The Minister of State (Independent Charge) for the Ministry of Science and Technology, Jitendra Singh on Wednesday, September 1, 2022 announced India’s first indigenously-developed quadrivalent human papillomavirus ‘Cervavac’ vaccine protecting against HPV types 6, 11, 16, and 18 to be available in Indian markets at an affordable price range between INR 200-400.
While stating the scientific completion of the vaccine, Singh said, “Covid has raised awareness about preventive healthcare leading to the development of vaccines like the one against cervical cancer.”
“The schemes like Ayushman Bharat have made us think about preventive healthcare and we can now afford it. The Department of Biotechnology has taken a lead in the matter and is in a collaborative mode,” he said.
Adding to the significance of modern science in recent times, Singh stated, “Scientific efforts at times do not get the scale of recognition they deserve. So, this event is to celebrate that scientific completion.”
Here, the scientific completion implied the R&D activities pertaining to the vaccine are said to be accomplished, but the next step of making its availability to the public needs to be ascertained.
CEO of the Serum Institute of India (SII) Adar Poonawalla, who was also present on the side-lines of the event exhilarated, “The cervical cancer vaccine will be affordable and would be available in the range of INR 200-400. However, the final price is yet to be decided.”
Poonawalla said, “The vaccine will be launched by the end of the year.

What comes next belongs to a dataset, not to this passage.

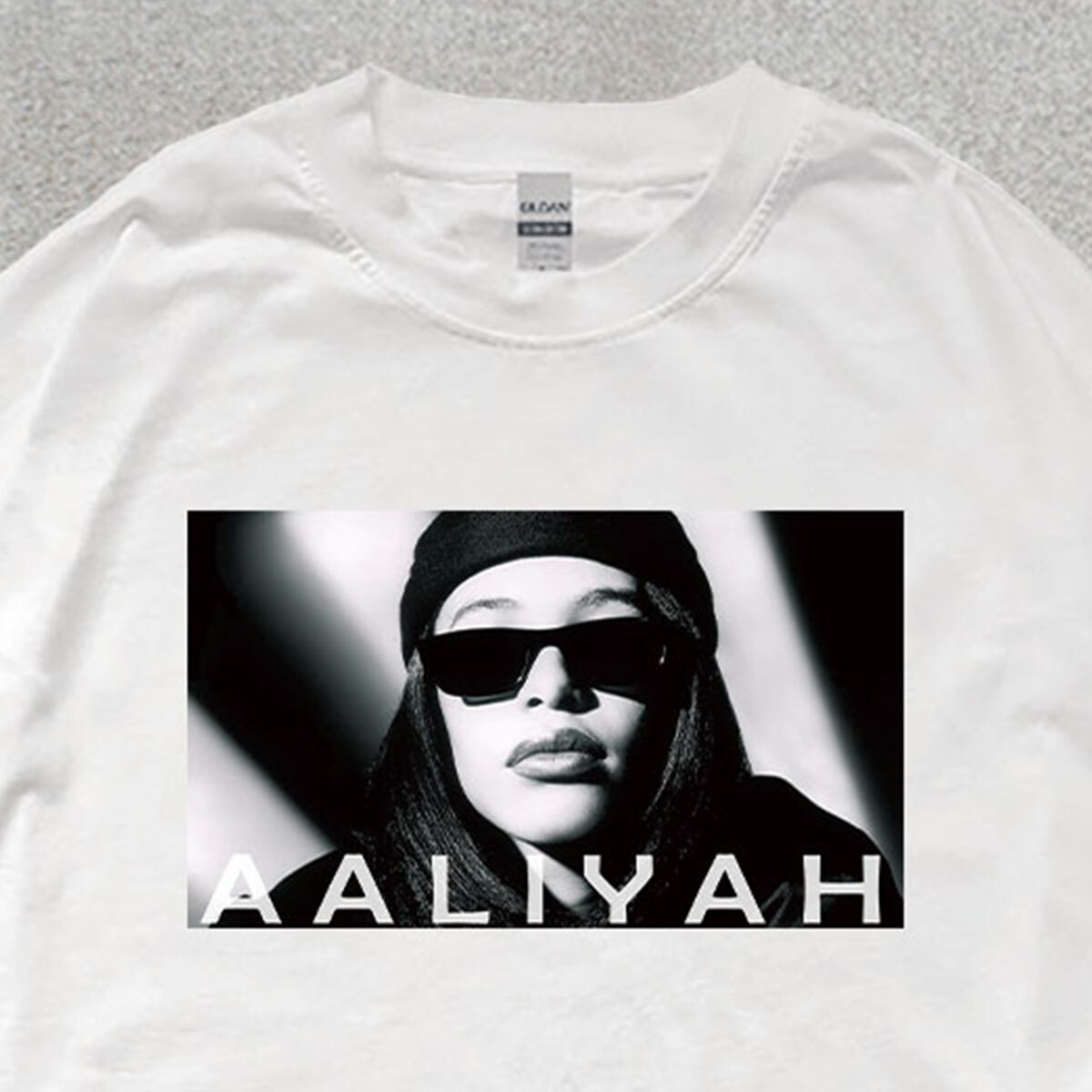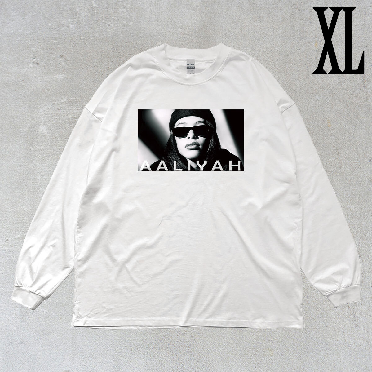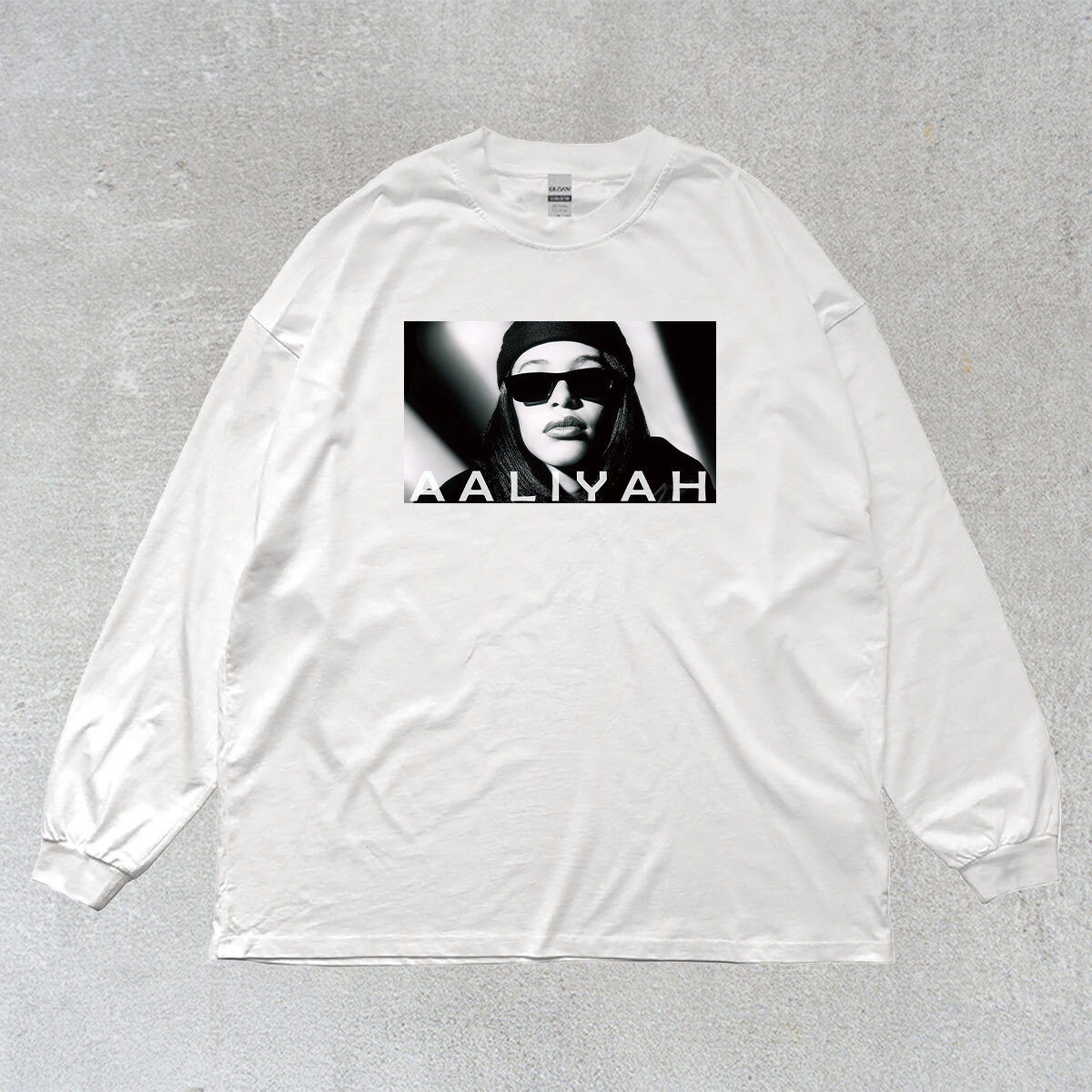 アリーヤ Aaliyah モノクロ フォトプリント リブ付き 長袖 Tシャツ ロンT キレイめ カジュアル 6.0oz コットン100% ユニセックス XL

First the vaccine would be made available through the government channel and from next year onwards, some private partners would be involved too.”
He furthered, “A plan to make 200 million doses is in place and first the vaccine would be given in India and only after that it will be exported to other countries.”
Dr Rajesh S. Gokhale, Secretary, Department of Biotechnology, Ministry of Science & Technology, Government of India said, “Over 2000 volunteers participated across the country for this vaccine.”
“Partnerships between private-public are becoming very important in such research, this co-creation is what is going to make all the difference in the world,” Gokhale asserted.
Dr N Kalaiselvi, Director General, CSIR affirmed, “This is the first stepping stone and research in the field and it will further continue. This government has taken the most amount of care to come up with this type of innovation, making us ‘atmanirbhar’,” she acclaimed.
According to the officials, the qHPV vaccine ‘Cervavac’ has demonstrated robust antibody response, which is nearly 1,000 times higher than the baseline against all targeted HPV types across all dose and age groups.
Earlier in July, the Drugs Controller General of India (DCGI) had granted market authorisation to SII’s qHPV vaccine against cervical cancer.
The government advisory panel NTAGI (National Technical Advisory Group on Immunisation) had recently approved the qHPV after reviewing the clinical trial data of the vaccine.
According to the World Health Organisation, cervical cancer develops in a woman’s cervix (the entrance to the uterus from the vagina). Almost all cervical cancer cases (99 per cent) are linked to infection with high-risk human papillomaviruses (HPV), an extremely common virus transmitted through sexual contact.
Cervical cancer is the fourth most common cancer in women. In 2018, an estimated 5,70,000 women were diagnosed with cervical cancer worldwide and about 311 000 women died from the disease, as per WHO.
When diagnosed, cervical cancer is one of the most successfully treatable forms of cancer, as long as it is detected early and managed effectively. Cancers diagnosed in late stages can also be controlled with appropriate treatment and palliative care.
In May 2018, the WHO Director-General Tedros Adhanom Ghebreyesus had announced a global call-for-action to eliminate cervical cancer, underscoring renewed political will to make elimination a reality and calling for all stakeholders to unite behind this common goal.
Later in August 2020, the World Health Assembly adopted the Global Strategy for cervical cancer elimination, where all countries must reach and maintain an incidence rate of below four per 1,00,000 women.
India accounted for 25 percent of the global cervical cancer mortality burden in 2018. (GLOBOCAN) Cervical cancer incidence rates varied across population-based cancer registries (PBCR) in India with a mean Age Standardised Rate (ASR) of 22.0 per 100,000.
GLOBOCAN 2020 is an online database offering global cancer statistics and estimates of incidence and mortality in around 185 countries for 36 types of cancer, and for all cancer sites combined.
Currently, Eswatini (which changed its name from Swaziland in 2018) had the highest rate of cervical cancer in 2020, followed by Malawi across the world.